== Segment start ==
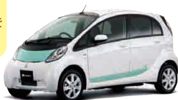
三菱自動車 i-MiEV ▶
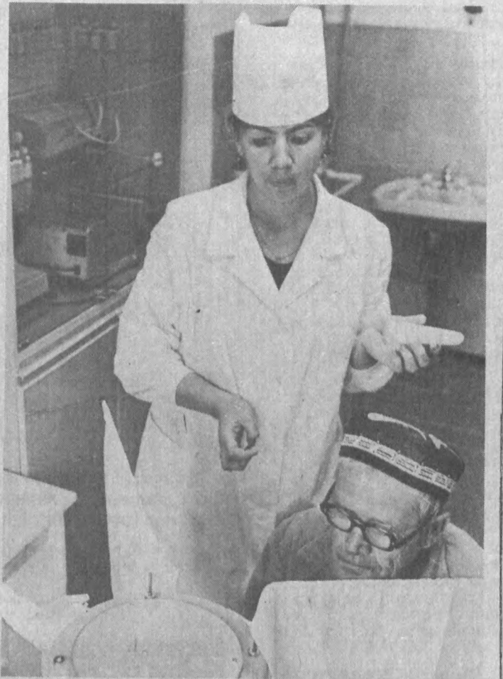
Яқинлари билан учрашишлари ёни шифокорнинг маърузаларини тинглашлари мумкин.

Хар қандай янгиликнинг аввалигиларга ўқшамаган ўзинга ҳос томони бўлади. 18-касалхонада ҳам шундай. Бу ерда беморлар учун алоҳида катта хона ажратилган. Мазкур хонада улар ўзаро гурунлашиб дам олишлари, ҳол-аҳвол сўраб келган
== Segment end ==
◆ WORK REQUEST
Return the opening line of the data above and every line after it up to and including the line that holds "Яқинлари билан учрашишлари"; pictures stay out.

◆ ANSWER TO THIS EXERCISE
三菱自動車 i-MiEV ▶
Яқинлари билан учрашишлари ёни шифокорнинг маърузаларини тинглашлари мумкин.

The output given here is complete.